U.S. Stocks Rise as GDP Report Fuels Fed Stimulus Bets
Comment of the Day

June 26 2013

Commentary by David Fuller

U.S. Stocks Rise as GDP Report Fuels Fed Stimulus Bets

Here is a sample from this topical item by Bloomberg
"We've had a relatively sharp selloff over a couple of days and we're getting a bounce here," James Gaul, a portfolio manager at Boston Advisors LLC, which oversees about $2.6 billion in assets, said in a phone interview. "Weaker economic numbers may be met with favor by the market because it can suggest that the Fed can slow the tapering process or not taper if the economy looks weaker than expected."

Gross domestic product expanded at a revised 1.8 percent annualized rate from January through March, down from a prior estimate of 2.4 percent, figures from the Commerce Department showed today in Washington. Household purchases, which account for about 70 percent of the economy, were revised to a 2.6 percent advance compared with the 3.4 percent gain estimated last month.

Central bank stimulus has helped fuel a rally in stocks worldwide, with the benchmark U.S. index surging as much as 147 percent from its March 2009 low.

Stocks advanced in Asia and Europe today as the cost of locking in China's interest rates slid for a fourth day and money-market rates fell. The People's Bank of China said in a statement yesterday that it has provided financing to some financial institutions to stabilize interbank lending rates. The central bank added that it will use short-term liquidity operations and existing loan-facility tools to ensure steady markets.

David Fuller's view Short covering and some bargain hunting are fuelling a bounce in global stock markets.
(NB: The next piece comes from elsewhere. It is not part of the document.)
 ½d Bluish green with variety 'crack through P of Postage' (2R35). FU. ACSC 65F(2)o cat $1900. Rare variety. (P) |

It will be interesting to see how far this rally carries but I would be surprised if we saw many resumptions of the 4-year plus overall upward trends in the next few months. Instead, I expect lots of ranging for at least several months, as investors ponder uncertainties concerning global GDP growth, which remains soft and monetary policy which is still accommodative. Here is an informative related article, also from Bloomberg: Tax Bite Curbs U.S. Growth Along With Consumer Spending.
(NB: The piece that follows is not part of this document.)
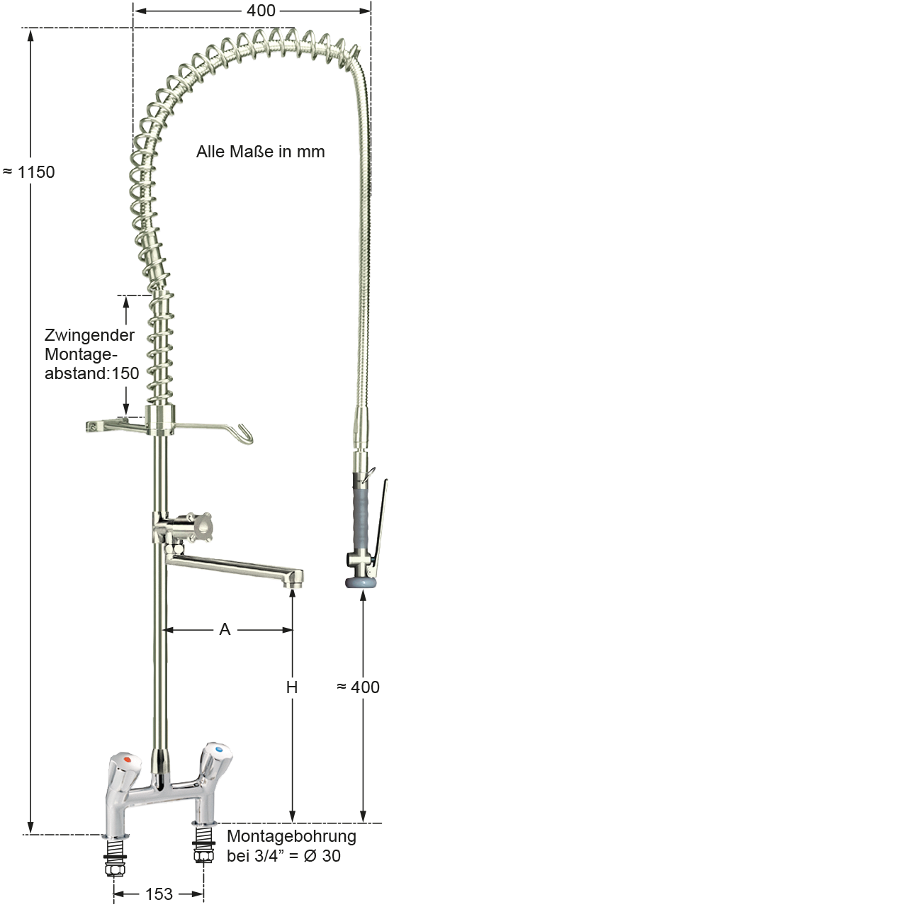 | Montagebohrung: | Abstand 153 mm - 2x Ø 30 mm |

Fullermoney has always regarded monetary policy as the most important fundamental indicator for stock markets. Where it remains a powerful tailwind we do not expect bear markets of any significance. However, we could see a number of 20% plus corrections. So far, these have been mainly confined to some of the resources sectors.
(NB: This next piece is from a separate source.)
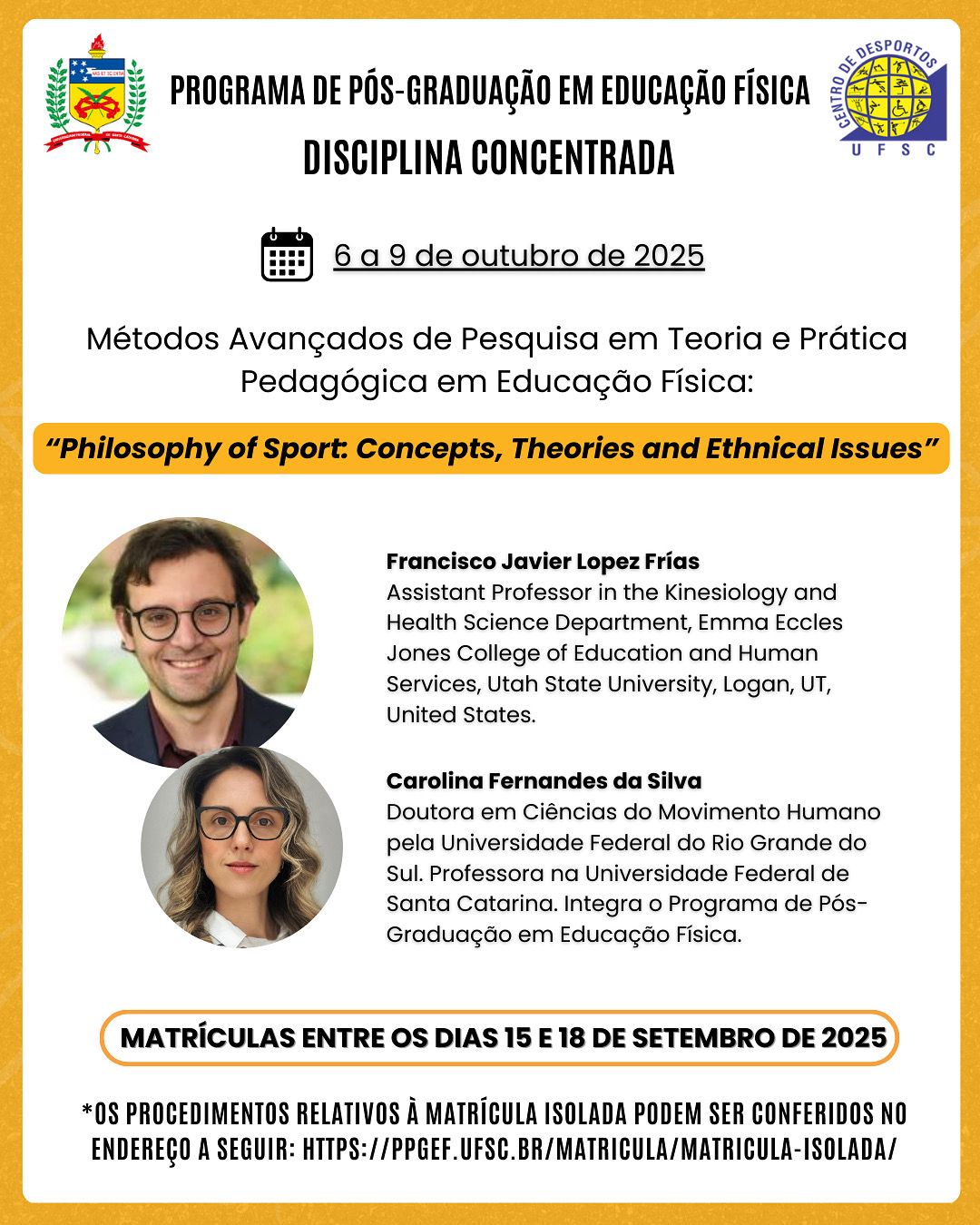 📚 Philosophy of Sport: Concepts, Theories and Ethnical Issues🗓 6 a 9 de outubro de 2025

(See also yesterday's comments in response to The Weekly View, and Monday's item: Lost Decade for Bonds Looms With Growing return for Equities)

In the short-term, government bond yields including 5-year US Treasuries, UK Gilts, German Bunds and Australian Bonds are oversold and susceptible to ranging consolidations near current levels. However, the underlying patterns look like base formations and the medium to longer-term outlook is for higher yields, as GDP growth eventually improves and quantitative easing (QE) is reduced or phased out. Japanese Bonds differ somewhat in that they have a spike low, which we also do not think will be exceeded, and they have been consolidating their latest rise since mid-May, prior to their next advance.